LeetCode Problem 738

An integer has monotone increasing digits if and only if each pair of adjacent digits x and y satisfy x <= y.

Given an integer n, return the largest number that is less than or equal to n with monotone increasing digits.

Example 1:

Input: n = 10
Output: 9

Example 2:

Input: n = 1234
Output: 1234

Example 3:

Input: n = 332
Output: 299

Constraints:

• 0 <= n <= 109

Difficulty: Medium

Tags: math, greedy

Rating: 92.57%

Intuition

The key insight to solving this problem is to find the first point where the monotone increasing property is violated (where a digit is smaller than the previous digit), and then modify the number to get the largest possible monotone increasing number less than or equal to the input.

Solution Walkthrough

Let’s break down the solution with a detailed example using n = 332:

1. First, we convert the number to a list of characters: ['3', '3', '2']

2. We scan from left to right to find where the monotone increasing property is violated:

   • Compare 3 and 3: okay (equal)
   • Compare 3 and 2: violation found! (3 > 2)

3. When we find a violation, we:

   • Decrease the previous digit (3 becomes 2)
   • Set all following digits to 9
   • Result: 299

Here’s a visualization of the process:

332 (initial number)
↓
322 (after decreasing the first '3')
↓
299 (after setting remaining digits to '9')

Another example with n = 1234:

• Since all digits are already increasing (1 < 2 < 3 < 4), no modifications are needed.

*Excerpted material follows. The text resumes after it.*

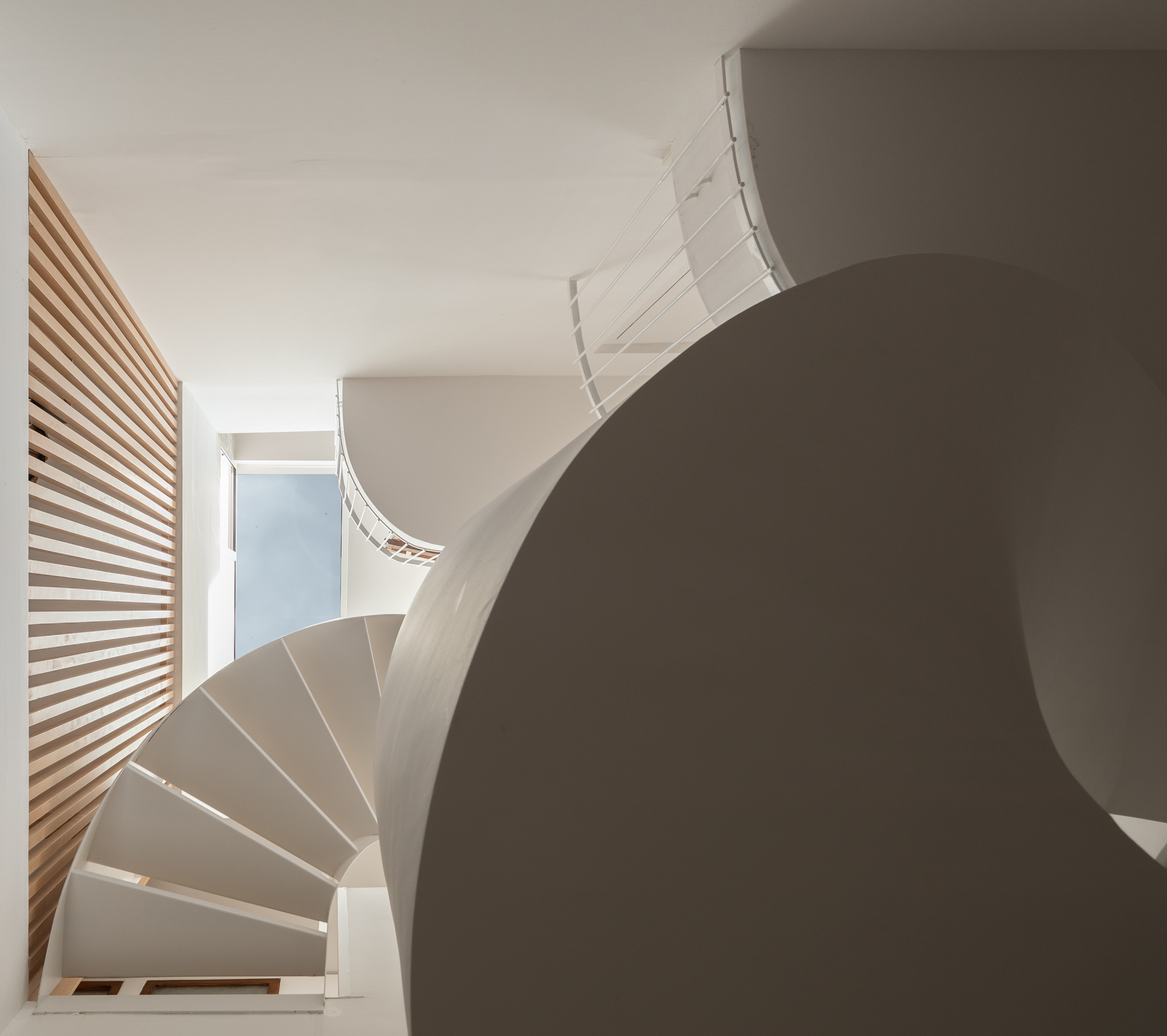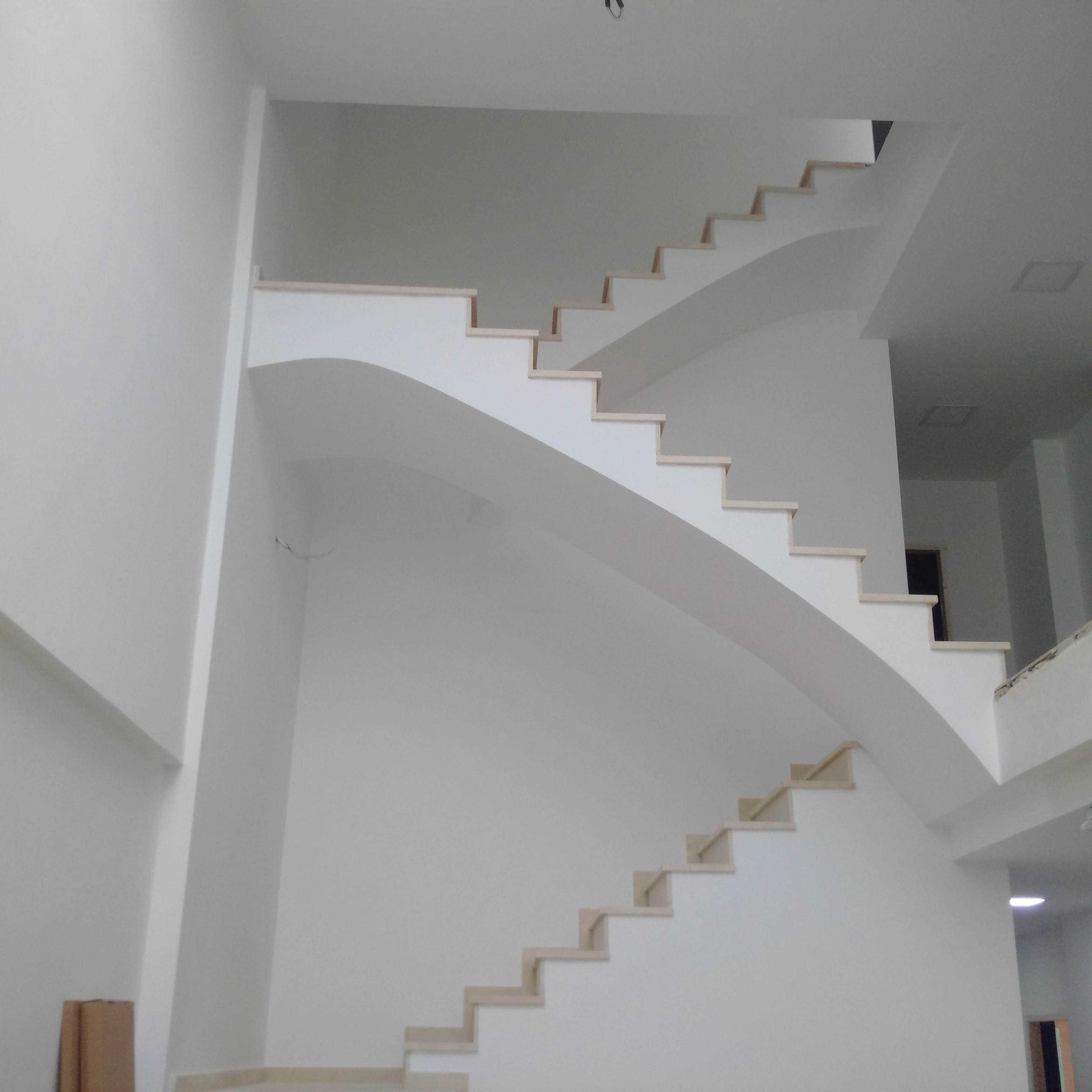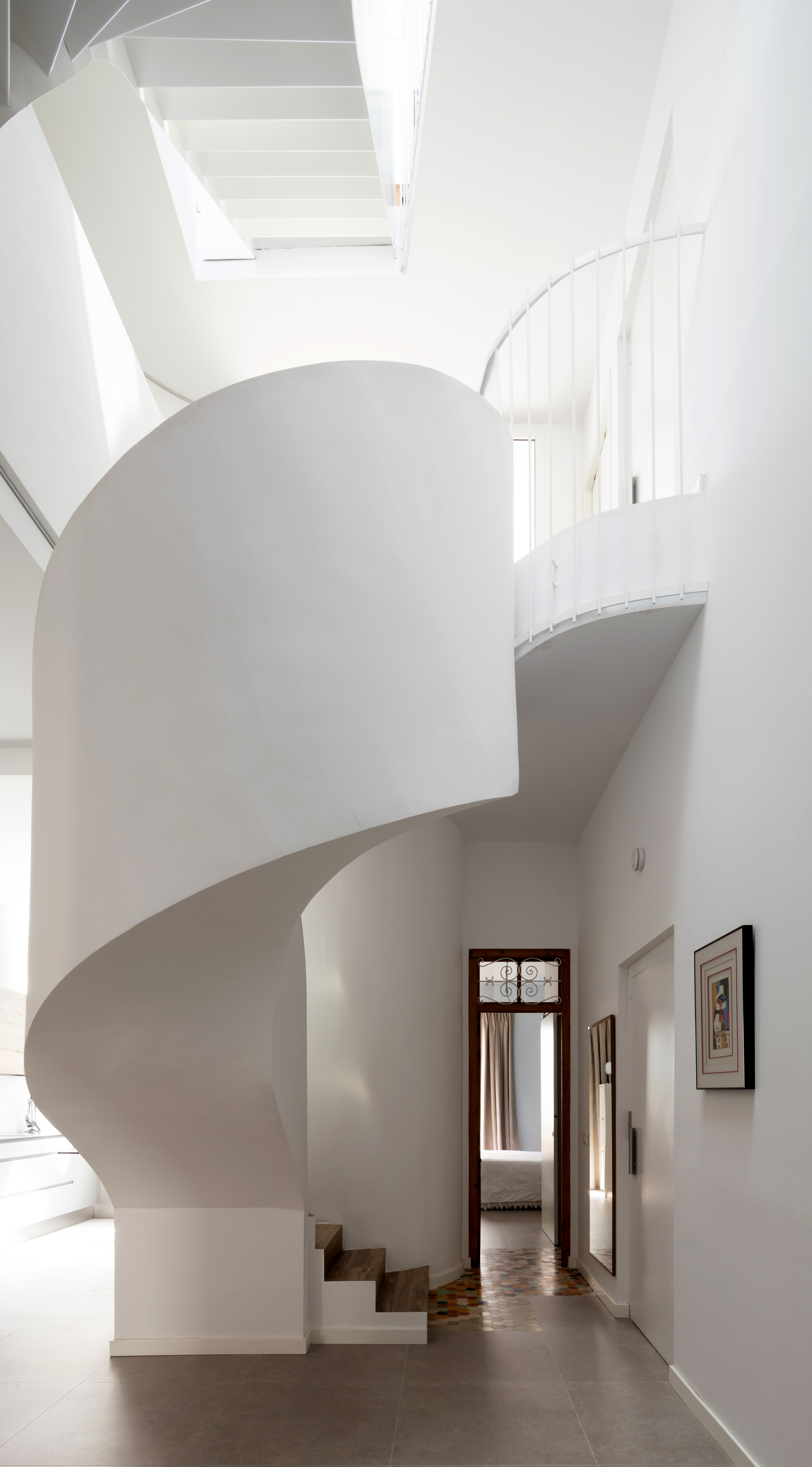 Nueva construcción de vivienda unifamiliar en dos alturas, resueltas con una escalera abierta y ovalada, con la intención de ser un elemento escultórico, que aporte visuales sobre su alrededor, teniendo en cuenta que la planta baja tiene 3,5m de altura. La vivienda se desarrolla en dos plantas de forma compacta dejando al fondo un patio en L, se dejan diferentes espacios abiertos: umbral acceso, patio posterior y cubierta plana a modo de terraza .
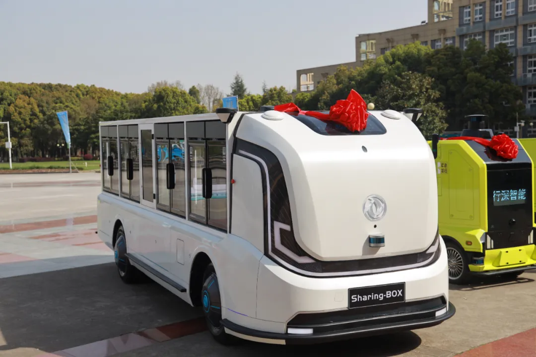此次进入江汉大学的无人驾驶物流车,分别是东风汽车股份有限公司的Sharing-Box无人驾驶售货车和长沙行深智能科技公司的无人驾驶物流配送车。

Let’s look at a more complex example, n = 668841:

668841 (initial number)
↓
668841 -> 668741 -> 667741 (8 > 4, decrease 8; 8 > 7, decrease 8)
↓
667741 -> 667799 (Set all remaining digits to 9)

Python Implementation

class Solution:
    def monotoneIncreasingDigits(self, n: int) -> int:
        s = list(str(n))
        # Find the first decreasing digit
        i = 1
        while i < len(s) and s[i-1] <= s[i]:
            i += 1
        
        # Decrease the previous digit 
        while i > 0 and i < len(s) and s[i-1] > s[i]:
            s[i-1] = str(int(s[i-1]) - 1)
            i -= 1
            
        # Set all digits after the first decreasing digit to 9
        for j in range(i + 1, len(s)):
            s[j] = '9'
    
        return int(''.join(s))

Time and Space Complexity

• Time Complexity: $O(n)$, where n is the number of digits in the input number. We may need to scan through all digits once.
• Space Complexity: $O(log n)$ to store the digits of the number. Since we convert the number to a string, we need space proportional to the number of digits.